It’s lasted 42 years, but on Monday the “temporary” life for an urban Honolulu shopping complex that has long been a magnet for local retailers and consumers will end.
Ward Warehouse is closing at Ward Village in Kakaako, ending an extended run as a retail center that was originally projected to last 15 years.
On Friday, Kakaako resident Virginia Lee Costa came around to say goodbye to many of the merchants who remain.
“It’s sad this place is closing,” she said while visiting the owners of Novel T World. “They should have left this place alone. It’s so irking.”
Shelly Andrin, area manager for swimwear retailer Loco Boutique, has been seeing visitors like Costa all week, including one man who she said popped in on Friday to bid farewell to the boutique that has been at Ward Warehouse for 20 years.
“He was one of our best patrons,” Andrin said. “He was very sad. It’s so sad. It’s a lot of good memories. This is a place that the local people came. Ward Warehouse was where local people and local merchants could afford it.”
Howard Hughes Corp., owner of the 60-acre Ward Village area that includes Ward Warehouse, announced the closing timetable in February so the company can begin construction on a condominium tower called Gateway Cylinder where unit prices are projected to range from $1.5 million to $23 million.
The Texas-based developer has already finished one condo tower and is actively building three more as part of a master plan for 16 towers and 1 million square feet of retail. Three towers are planned for the Ward Warehouse site that will also include a public recreation space with a waterway running between two towers.
Todd Apo, Hughes Corp. vice president of community development, said it is an exciting time for the company to continue creating a modern mix of high-rise homes and retail, and he thanked the Ward Warehouse merchants for the services they have provided to the community.
“It’s a bittersweet moment,” he said. “Ward Warehouse has been such a great place for all of us.”
Ward Warehouse opened in 1975 and was built with an exposed frame of large wooden beams bolted together. It was designed and developed by former property owner Victoria Ward Ltd. as a “temporary” structure expected to stay up about 15 years.
Now only about two-thirds of the roughly 50 tenants remain, and have one final weekend for business. Many of the stores have merchandise marked down anywhere from 20 percent to 90 percent as some businesses close for good, some move inventory to other existing stores and some prepare to relocate to new spaces including elsewhere at Ward Village.

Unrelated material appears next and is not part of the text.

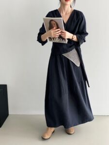 那末韩系莱赛尔不规则拼接半身裙女复古日系气质小众花苞裙5039-1

Melanie Iris, store manager at apparel shop Local Fever, was busy Friday, moving merchandise from display racks into plastic bins headed for other Local Fever locations as customers trickled in and out. “It’s been slow,” she said of business lately.
Matt Love, a Hawaiian musician performing outside the Na Mea Hawai‘i indigenous crafts store, lamented the ongoing transformation of the area into what he sees as a neighborhood of high-end restaurants and retailers catering to rich residents in place of departed or soon-to-depart Ward Warehouse tenants such as Kincaid’s, Old Spaghetti Factory, Waiola Shave Ice, Japanese bookstore Hakubundo, Himalayan handicraft store Ocean Queen and Island Soap and Candle Works.
“People are going to miss this,” he said, noting that Na Mea is fortunate to be relocating to Ward Centre in October. But he isn’t sure how soon that will be. Hughes Corp. envisions redeveloping Ward Centre in 2026-27 with more towers.
To celebrate the end of Ward Warehouse, Na Mea’s owner, Maile Meyer, has organized a closing party for Sunday. The event, with potluck food, live music, dancing and improv comedy, is scheduled to begin at 5 p.m., an hour before stores close, and run till 9 p.m. at the Ewa end of the complex.
Darrell Ching, co-owner of T-shirt shop Novel T World, said it was nice that Meyer put the event together and that he looks forward to reminiscing. “We’re going to see all our old neighbors — the ones who are still here,” he said.
Meyer said people need a chance to say goodbye and offer gratitude for the things they love. “Kind of a last-hurrah community gathering,” she said. “Here we are at the end of this line.”